Exercise »
Print out the data below in full and exactly, skipping the pictures.

Records for the exercise »
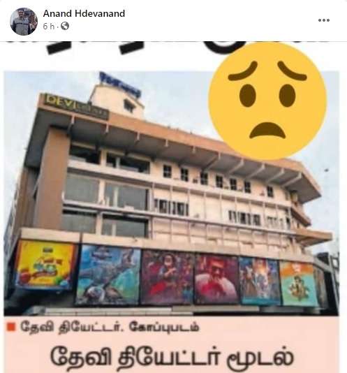 சென்னையின் பிரபல பழமை சிறப்பு வாய்ந்த தியேட்டர்களில் ஒன்றான தேவி சினிப்ளக்ஸ் மூடப்படுவதாக தகவல் ஒன்று முன்னணி செய்தி நிறுவனம் ஒன்றினால் வெளியிடப்பட்டிருந்தது. அதனை சமூக வலைத்தளத்தில் பலரும் பகிர்ந்து வருகின்றனர்.
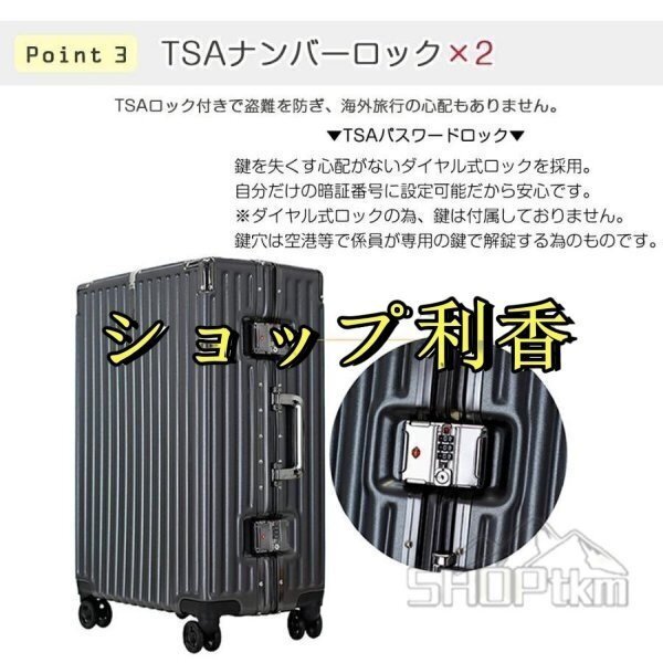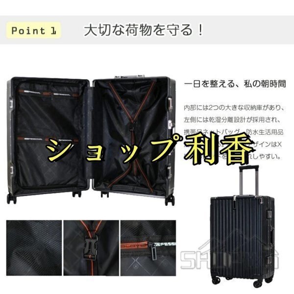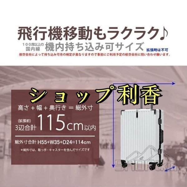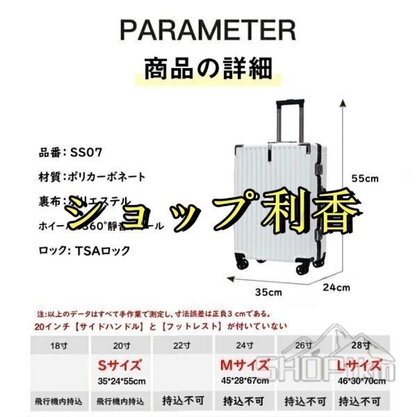 商品説明 商品説明 商品説明 素材:ポリカーボネート ABS樹脂+PC サイズ(キャスター含む外寸):約55×35×24cm 重量:約3.8kg 容量:約39L TSAロック:ダイヤル式 開閉タイプ:アルミフレーム カラー:8色 ※商品のタグに誤りがある場合がございます。 ページに記載の通りですが、
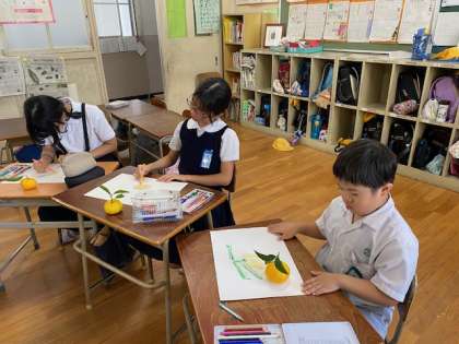 パソコン・イラストクラブでは、「秋の味覚を描こう」というテーマで、運動場の木になっていたみかんの絵を描いていました。
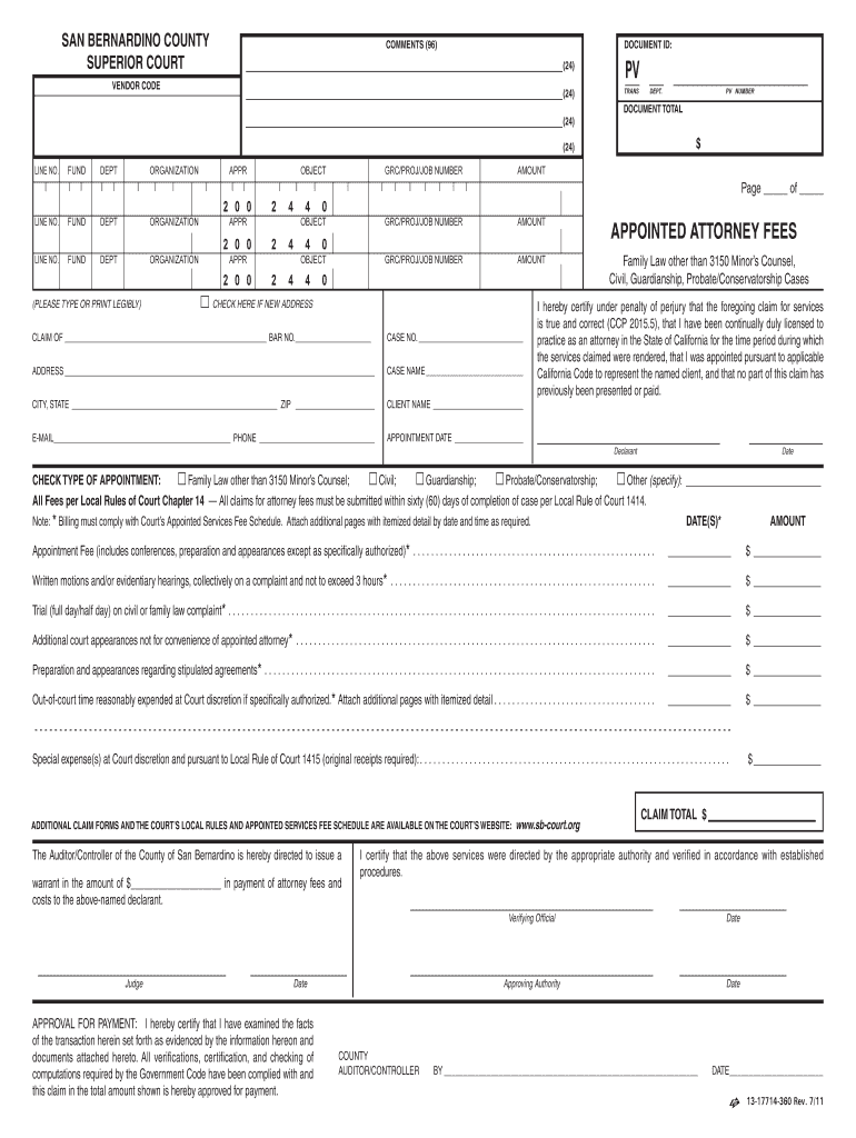 SAN BERNARDINO COUNTY SUPERIOR COURT COMMENTS (96) DOCUMENT ID: (24) VENDOR CODE (24) (24) PV TRANS FUND DEPT ORGANIZATION APPR OBJECT GRC/PRO/JOB NUMBER PV NUMBER $ (24) LINE NO. DEPT. DOCUMENT TOTAL
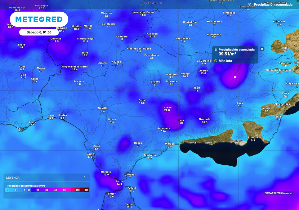 Sumando las cantidades previstas por el modelo europeo en los próximos tres días, el acumulado ascenderá a más de 30 l/m2 en la provincia de Jaén y más de 20 l/m2 entre Málaga, Córdoba y Granada, en la intersección de las tres provincias, donde en el total del episodio también pueden sumar más de 30 l/m².
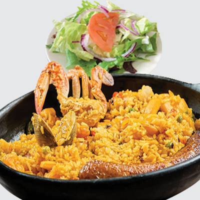 Seafood Paella: Combinations Of Seafood, Salad and Sweet Plantain
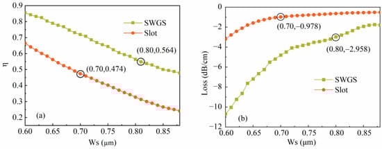 Figure 3a,b, respectively, show that the η and the propagation-loss change with the Ws for the slot waveguide and SWGS waveguide. The pictures show that the optical power released by the SWGS structure is obviously higher than that of the slot structure, but its loss will also increase. When Ws = 0.85 µm, η is 0.56 and 0.33, respectively, in the slot waveguide and SWGS waveguide, which is almost a two-fold difference, and the transmission loss is 2.96 dB/cm and 0.64 dB/cm.
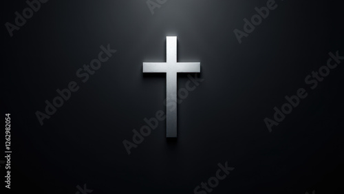 © Tameem, Fototapeta premium Christian cross in a dark setting with light highlighting its shape on the wall.
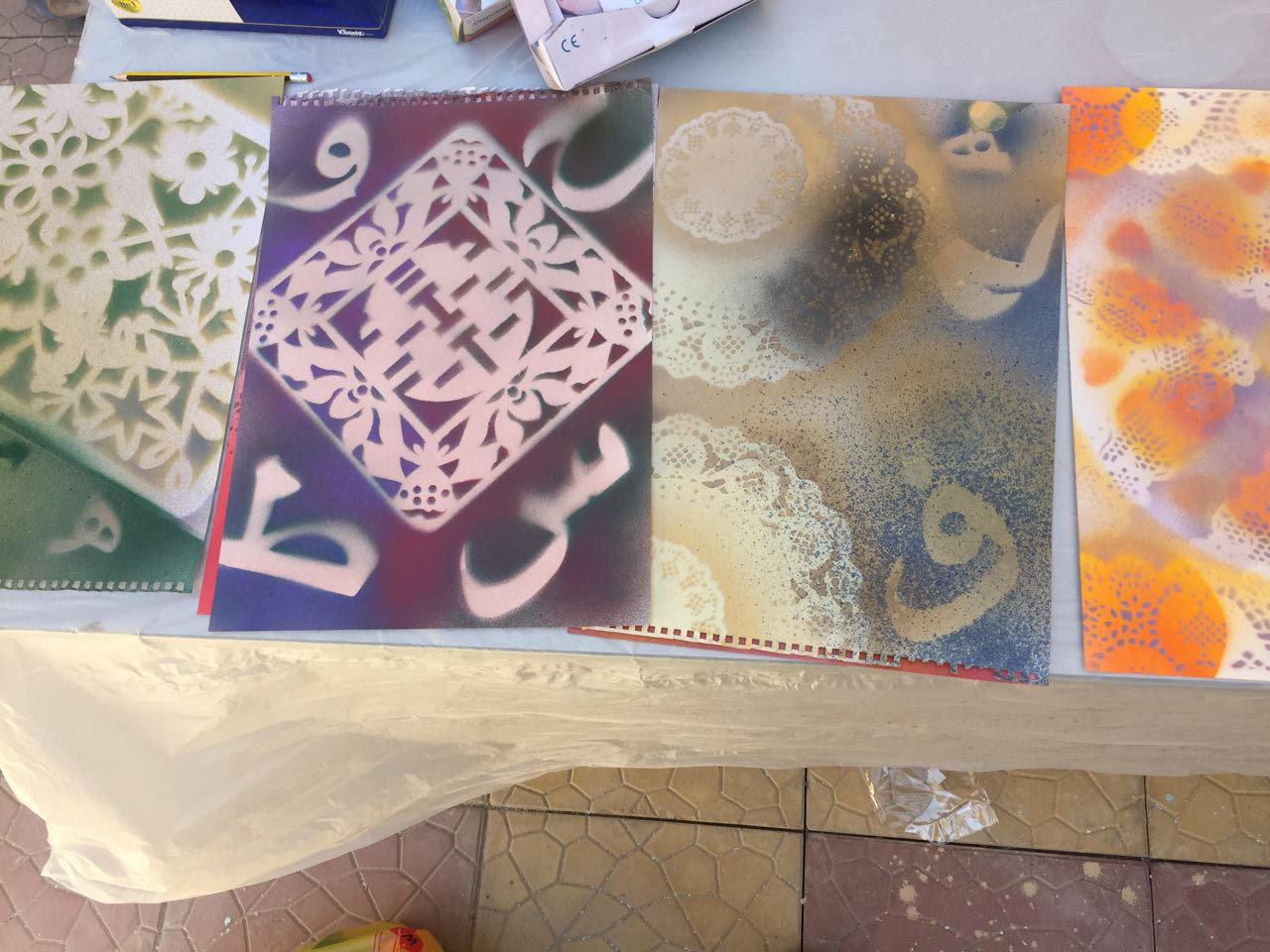أقام نادي الابداع في كلية العلوم والدراسات الانسانية بحوطة بني تميم ورشة عمل بعنوان" ابتكار مدركات تشكيلية جديدة من الزخارف الاسلامية باستخدام طباعة الاستنسل " وذلك يوم الأحد الموافق 9/ 2/ 1439 هـ بإشراف أ/ مها الصقعبي وحضور  عميدة الكلية الدكتورة حصة الهزاني. هدفت هذه الورشة إلى الاستفادة من مجال الطباعة بالاستنسل كأحد المنطلقات الابداعية في مجال الطباعة اليدوية لتنمية التراث الثقافي الإسلامي من خلال المحافظة على الماضي والتطلع للمستقبل. وفي نهاية الورشة تمكن عدد من الطالبات من انتاج لوحات فنية تجمع بين أنواع الزخرفة الإسلامية بأسلوب فني معاصر. وقد شهدت  هذه الفعالية حضور  من عميدة الكلية والوكيلة وعدد من الطالبات وأعضاء هيئة التدريس  بالكلية. السابق التالي

Exercise solution »
 சென்னையின் பிரபல பழமை சிறப்பு வாய்ந்த தியேட்டர்களில் ஒன்றான தேவி சினிப்ளக்ஸ் மூடப்படுவதாக தகவல் ஒன்று முன்னணி செய்தி நிறுவனம் ஒன்றினால் வெளியிடப்பட்டிருந்தது. அதனை சமூக வலைத்தளத்தில் பலரும் பகிர்ந்து வருகின்றனர்.
 商品説明 商品説明 商品説明 素材:ポリカーボネート ABS樹脂+PC サイズ(キャスター含む外寸):約55×35×24cm 重量:約3.8kg 容量:約39L TSAロック:ダイヤル式 開閉タイプ:アルミフレーム カラー:8色 ※商品のタグに誤りがある場合がございます。 ページに記載の通りですが、
 パソコン・イラストクラブでは、「秋の味覚を描こう」というテーマで、運動場の木になっていたみかんの絵を描いていました。
 SAN BERNARDINO COUNTY SUPERIOR COURT COMMENTS (96) DOCUMENT ID: (24) VENDOR CODE (24) (24) PV TRANS FUND DEPT ORGANIZATION APPR OBJECT GRC/PRO/JOB NUMBER PV NUMBER $ (24) LINE NO. DEPT. DOCUMENT TOTAL
 Sumando las cantidades previstas por el modelo europeo en los próximos tres días, el acumulado ascenderá a más de 30 l/m2 en la provincia de Jaén y más de 20 l/m2 entre Málaga, Córdoba y Granada, en la intersección de las tres provincias, donde en el total del episodio también pueden sumar más de 30 l/m².
 Seafood Paella: Combinations Of Seafood, Salad and Sweet Plantain
 Figure 3a,b, respectively, show that the η and the propagation-loss change with the Ws for the slot waveguide and SWGS waveguide. The pictures show that the optical power released by the SWGS structure is obviously higher than that of the slot structure, but its loss will also increase. When Ws = 0.85 µm, η is 0.56 and 0.33, respectively, in the slot waveguide and SWGS waveguide, which is almost a two-fold difference, and the transmission loss is 2.96 dB/cm and 0.64 dB/cm.
 © Tameem, Fototapeta premium Christian cross in a dark setting with light highlighting its shape on the wall.
أقام نادي الابداع في كلية العلوم والدراسات الانسانية بحوطة بني تميم ورشة عمل بعنوان" ابتكار مدركات تشكيلية جديدة من الزخارف الاسلامية باستخدام طباعة الاستنسل " وذلك يوم الأحد الموافق 9/ 2/ 1439 هـ بإشراف أ/ مها الصقعبي وحضور  عميدة الكلية الدكتورة حصة الهزاني. هدفت هذه الورشة إلى الاستفادة من مجال الطباعة بالاستنسل كأحد المنطلقات الابداعية في مجال الطباعة اليدوية لتنمية التراث الثقافي الإسلامي من خلال المحافظة على الماضي والتطلع للمستقبل. وفي نهاية الورشة تمكن عدد من الطالبات من انتاج لوحات فنية تجمع بين أنواع الزخرفة الإسلامية بأسلوب فني معاصر. وقد شهدت  هذه الفعالية حضور  من عميدة الكلية والوكيلة وعدد من الطالبات وأعضاء هيئة التدريس  بالكلية. السابق التالي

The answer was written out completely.